Shaanxi Diesel Engine Heavy Industry
- Native name: 陕西柴油机重工有限公司
- Romanized name: Shǎnxī cháiyóujī zhònggōng yǒuxiàn gōngsī
- Industry: Automotive parts
- Headquarters: Shaanxi, China
- Products: Engines and generators
- Parent: China Shipbuilding Industry Corporation
- Website: www.sxd408.com

= Shaanxi Diesel Engine Heavy Industry =

Chinese diesel engines manufacturer

Shaanxi Diesel Engine Heavy Industry, Co. Ltd. (陕西柴油机重工有限公司 (Shǎnxī cháiyóujī zhònggōng yǒuxiàn gōngsī))) of Shaanxi, China is a major producer of diesel-powered electrical generators, high-speed prime movers for large-scale marine applications, and is one of China's key state enterprises for the production of such engines.

==Parent Company==
Shaanxi Diesel Engine Heavy Industry, Co. Ltd. is a subsidiary of China Shipbuilding Industry Corporation.

==Diesel Engines==
The company's large 150-series diesel engines produce between 98 and 1072 hp (73 and 800 kW).

In addition, their smaller 396-series engines are produced under license from MTU Friedrichshafen, and are intended for use in vehicles, oil production equipment, small marine applications, and the generation of power.

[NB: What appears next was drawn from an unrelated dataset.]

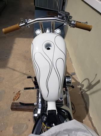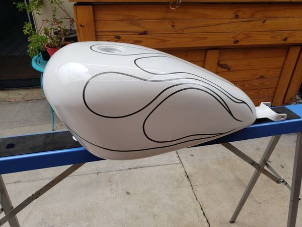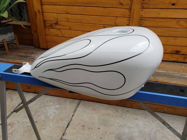 Tank has been painted Pure gloss white with charcoal pinstripe flames. Tank has an epoxy liner installed. This is for EFI bikes so it will fit any sportster 2007 and up but can easily be converted with an adapter plate to run a petcock for older bikes.
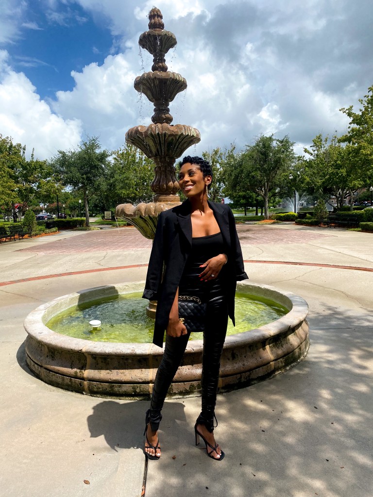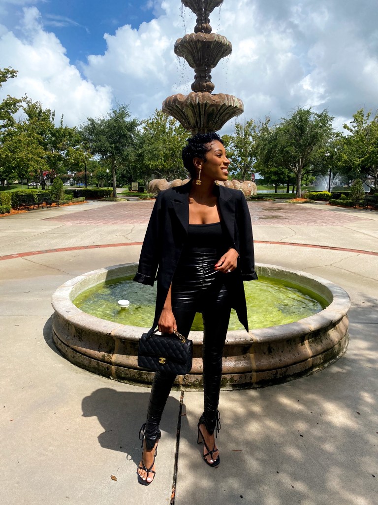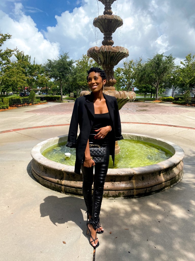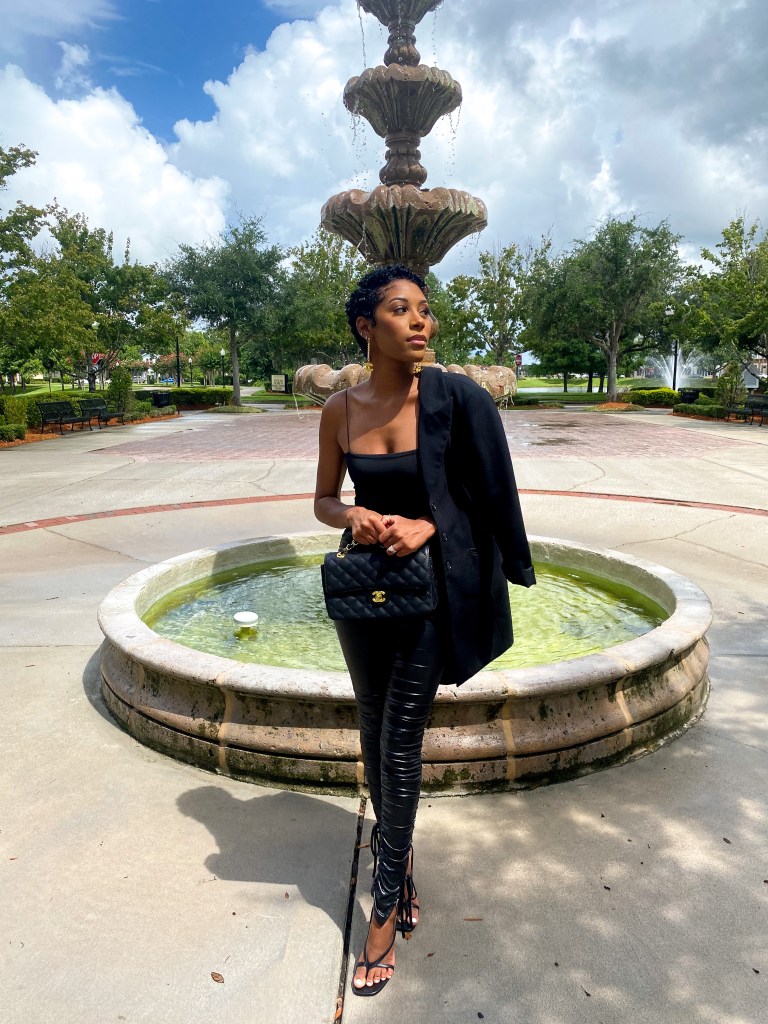 Whenever I don’t know what to wear this is my uniform, a black leather pant paired with a black bodysuit! I always throw my favorite black blazer over my shoulders and a good black shoe! It’s a quick and easy look and always so chic!

Shaanxi Diesel's stand-alone power generators are rated for 102 to 536 hp (76 to 400 kW).

They also produce engines under license for MAN Diesel.

The company also produces diesel propulsion engines for warships such as the Type 054A frigate, of which the design is licensed from SEMT Pielstick. The engine produced is the 16-cylinder PA6 STC.

==Automotive Fuel Injection Systems==
They are an aftermarket provider as well, producing 50 different types of injector pumps and nozzles.

==Export Sales==
At present, Shaanxi Diesel exports its products to more than 20 countries.